Clustering is one of the most basic mental activities used by humans to handle the huge amount of information they receive every day. As such, clustering has been extensively studied in different disciplines including: statistics, pattern recognition, machine learning and data mining. Nevertheless, the body of knowledge concerning clustering has focused on objects represented as feature vectors stored in a single dataset. Clustering in this setting aims at grouping objects of a single type in a single table into clusters using the feature vectors. On the other hand, modern real-world applications are composed of multiple, large interrelated datasets comprising distinct attribute sets and containing objects from many domains; typically such data is stored in an information network. The types of patterns and knowledge desired in these applications goes far beyond grouping similar homogeneous objects, but rather involves unveiling dependency structures in the data in addition to pinpointing hidden associations across objects in multiple datasets and domains. For example consider an information network that contains the domains of authors, papers and conferences. Two authors a1 and a2 may work in the same research field but never publish in the same conference. Hence clustering only the domains of authors and conference would fail to place a1 and a2 in the same cluster; however considering the entire information network would reveal a hidden link via the papers domain, placing a1 and a2 in the same cluster. This form of relational clustering is essential for knowledge discovery in several applications such as: bioinformatics, social networking, and recommender systems.

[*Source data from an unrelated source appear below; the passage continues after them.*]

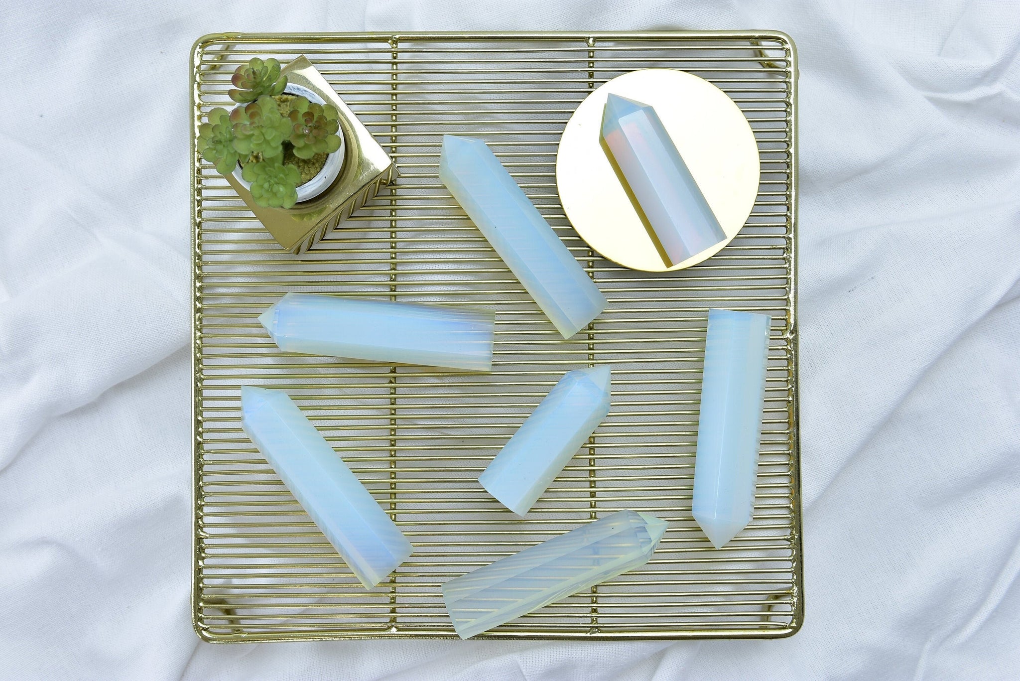 Opalite crystal points are powerful tools for healing and meditation. These beautiful, translucent stones have a soft, soothing energy that can help to calm the mind, reduce stress, and promote a sense of inner peace. The pointed shape of the crystal amplifies its energy, making it ideal for directing energy to specific points in the body. These points can be used during chakra healing or placed on areas that need extra support and healing. Whether you're a seasoned practitioner of crystal healing or just starting out, an opalite crystal point is a great addition to your collection. Its versatile energy makes it suitable for a wide range of uses, from clearing negative energy to promoting spiritual growth.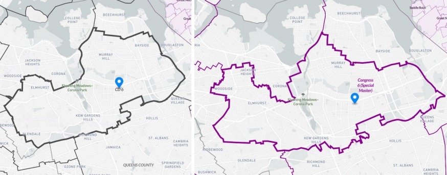 Congressional District 6. The existing map is to the left, with the revised map to the right. The revised map includes Woodside and most of Jackson Heights, but no longer includes Bayside (Source: REDISTRICTING & YOU: New York)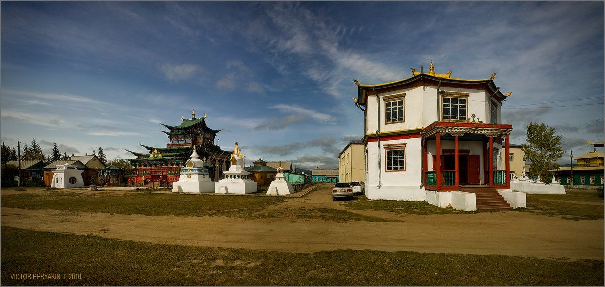 слева-Дворец Хамбо ламы Итигэлова. Справа-Дэваажин дуган.

Information-network clustering advances knowledge discovery in two manners. First, hidden associations amongst objects from differing domains are unveiled, leading to a better understanding of the hidden structure of the entire network. Second, local clusters of the objects within a domain are sharpened and put into greater context, leading to more accurate local clustering. In order to extract knowledge of this form, information network clustering algorithms must consider 1) overlapping clusters and 2) a clustering structure that relates the clusters. In this dissertation we develop a framework and several algorithms for information network clustering by leveraging the above two fundamental aspects that facilitate knowledge discovery.

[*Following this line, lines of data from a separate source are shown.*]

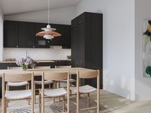 Keittiön varusteet: Jääkaappipakastin, jääkaappi, astianpesukone, erillisuuni ja liesituuletin. Liesi: Induktioliesi. Työtason materiaali: Laminaatti. Avokeittiö, erittäin korkeatasoinen varustelu. Välittäjältä saat virallisen esitteen.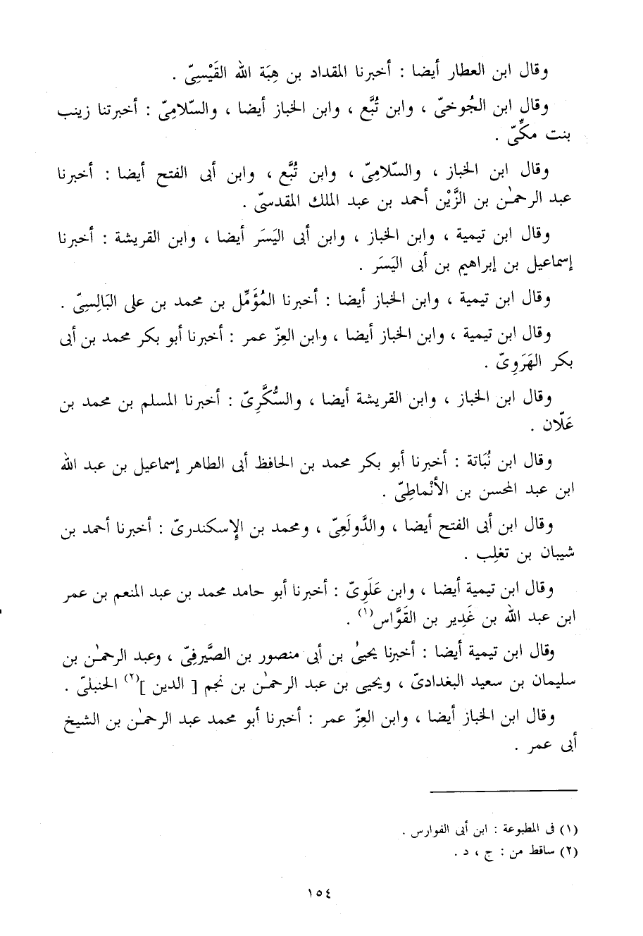 وَقَالَ ابْنُ تَيْمِيَةَ أَيْضًا أَخْبَرَنَا يَحْيَى بْنُ أَبِي مَنْصُورِ بْنِ الصَّيْرَفِيِّ وَعَبْدُ الرَّحْمَنِ بْنُ سُلَيْمَانَ بْنِ سَعِيدٍ الْبَغْدَادِيُّ وَيَحْيَى بْنُ عَبْدِ الرَّحْمَنِ بْنِ نَجْمِ الدِّينِ الْحَنْبَلِيُّ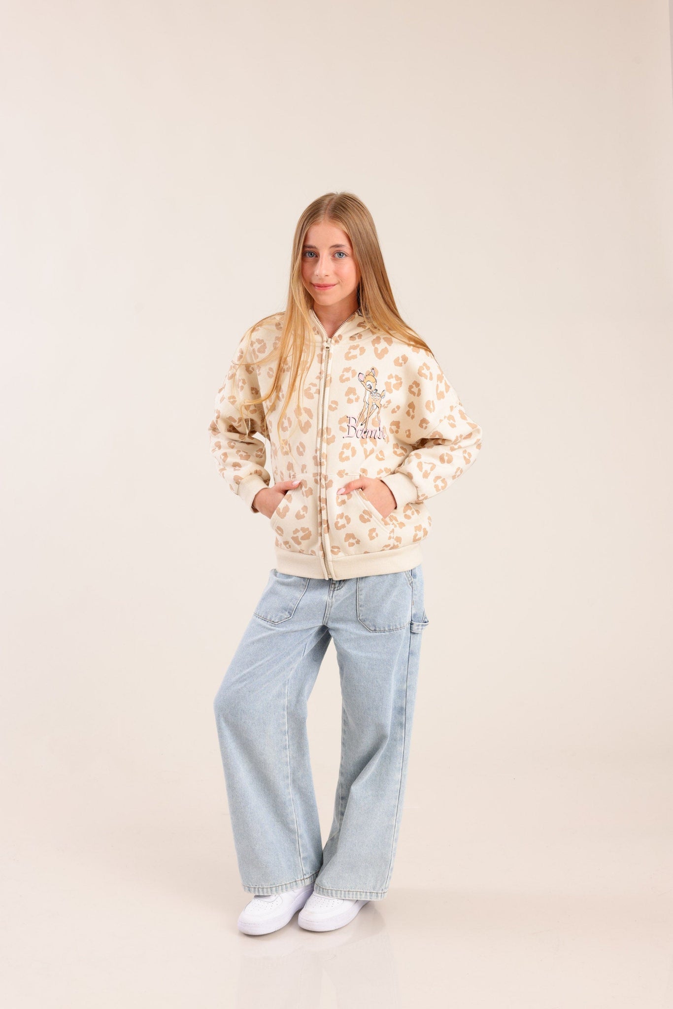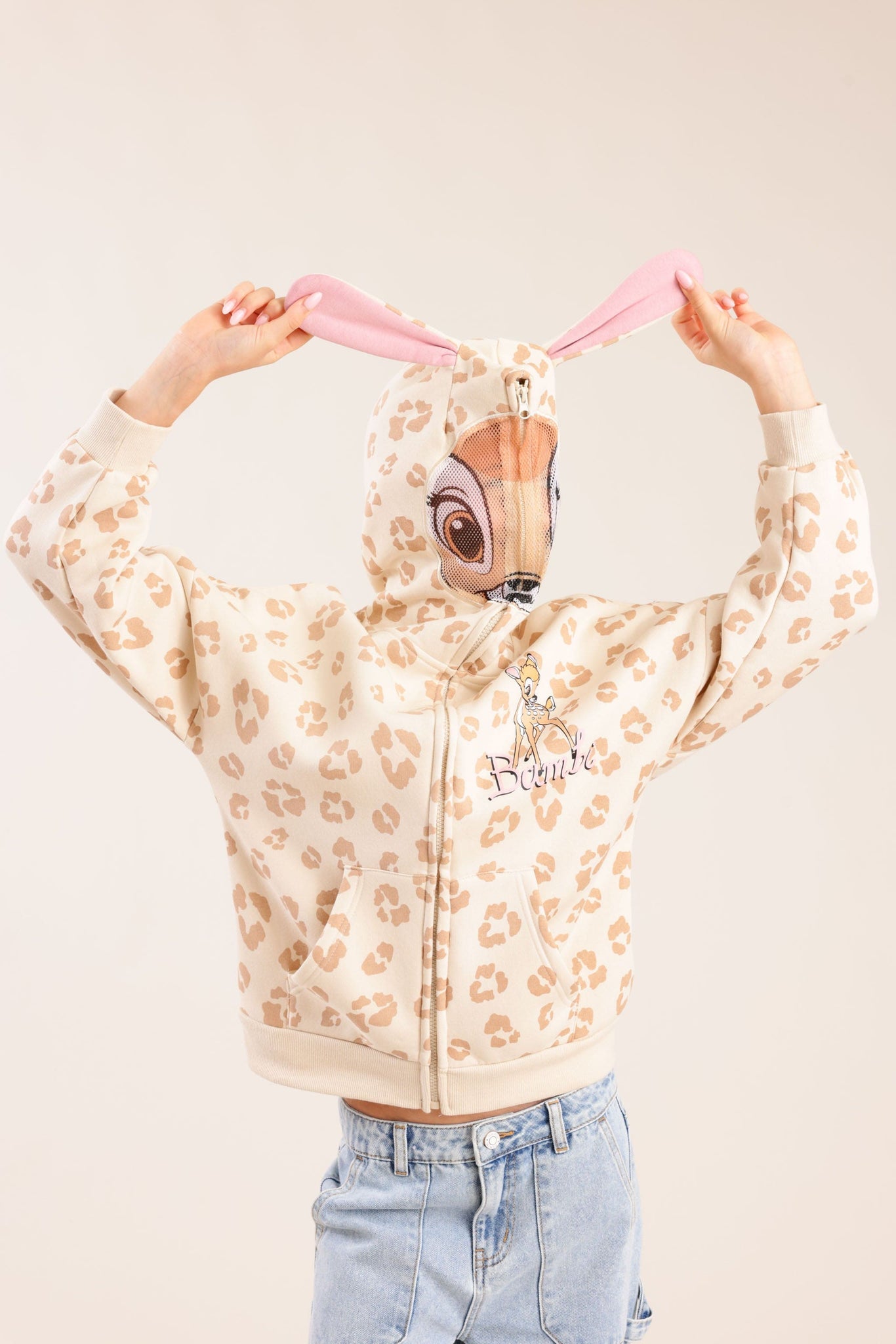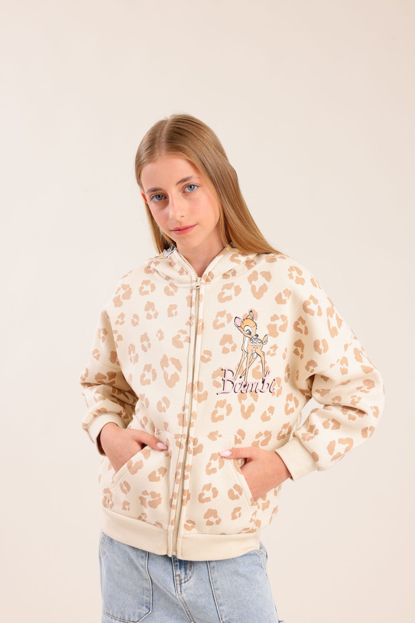קפוצ'ון פוטר ממותג במבי בצבע שמנת

Current state-of-the-art information network clustering algorithms have had relative success in addressing the computational challenge of high dimensional data; however, the majority of these approaches have not addressed the fundamental aspects of overlapping clusters and clustering structure. In this dissertation, we address the information-network clustering problem from a fresh perspective and introduce a novel framework based on Formal Concept Analysis (FCA). Based on mathematical
order theory, in particular, the theory of complete lattices, FCA provides a rich theoretical basis for investigating and structuring overlapping relational clustering in a single dataset. Shortcomings of previous methods were overcome by extending FCA to information networks, yielding effective and efficient information network clustering algorithms. Several empirical evaluations performed on a large variety of real-world information networks reveal that the FCA-based algorithms work more effectively and efficiently than the current state of the art.